The clinical results at 1, 2 and 4 years of follow-up were as follows: NDI values, 44.9 pre-operatively, 26.1, 25.8 and 25.1 post-operatively, improvement by 44.1% after 4 years; VAS for cervical spine pain, 5.8 pre-operatively, 3.0, 2.7 and 2.7 postoperatively, improvement after 4 years by 53.7%; VAS for radicular pain, 6.3 pre-operatively, 2.9, 2.9 and 2.7 postoperatively, improvement by 57.1% after 4 years. The radiographic findings showed the average intervertebral disc space height of 3.2 mm at the affected level before and 7.4 mm after surgery, with no significant change in the following period. The average range of disc motion at the affected level was 4.2 degrees before and 11.1 degrees after surgery, with 11.4 degrees at 4 years of follow-up. During that period, heterotopic ossification was recorded in 10 (25%) treated discs, with five of them (12.5%) classified as grade III or IV. Spontaneous fusion across the disc replacement level was found in three cases (7.5%). Two patients (5%) developed kyphosis at the affected disc level. The statistical analysis showed a significant difference between the pre-operative VAS values and those at 6 post-operative weeks for both cervical spine and radicular pain (t = 4.4 and t = 5.3, respectively; p < 0.05). No significant difference in VAS values was found between 6 weeks and 3 months after surgery for either condition (t = 1.69 and t = 0.3; p > 0.05). Changes in VAS values in the following period were minimal and non-significant. The differences in NDI values before surgery and at 6 weeks after it, and between 6 weeks and 3 months post-operatively were significant (t = 11, p < 0.05 and t = 3.8, p < 0.05, respectively). In the following period, changes in the values were minimal and non-significant.

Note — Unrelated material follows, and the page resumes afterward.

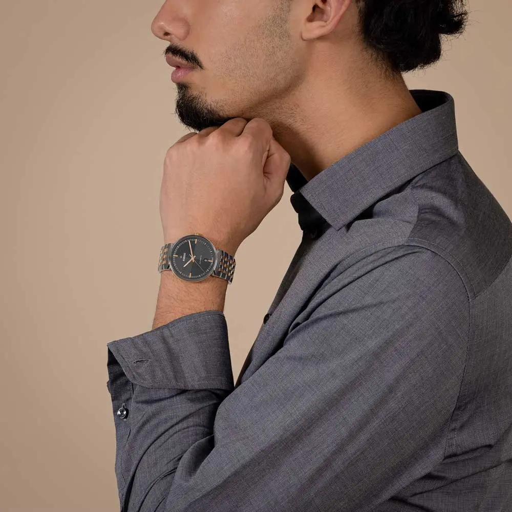 Серый аналоговый циферблат отличается простотой, читаемостью и элегантностью – он прекрасно сочетается с двухцветным стальным браслетом, который оснащён раскладывающейся застежкой для комфортной и безопасной посадки.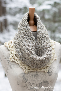 110, 130, 150 yards #4 worsted weight yarn in “Off-White” or color of your choice for lace trim.

Short-term studies on various types of cervical disc replacement have been optimistic and reported good clinical results and few complications. However, with longer follow-ups there has been an increasing incidence of heterotopic ossification as the most frequent late complication. Although the number of patients diagnosed with it is growing, heterotopic ossification influences the patient's clinical problems only little. What are its causes and how to prevent it are questions to be fully answered yet
Heterotopic ossification is the most frequent late complication of total disc replacement. Many factors may be responsible for its development and therefore its prevention is not clear. The correct indication and appropriate surgical technique are most often recommended, and are considered also by the authors to be most important. Restricted motion at the treated segment/s has no significant effect on the patient's clinical status.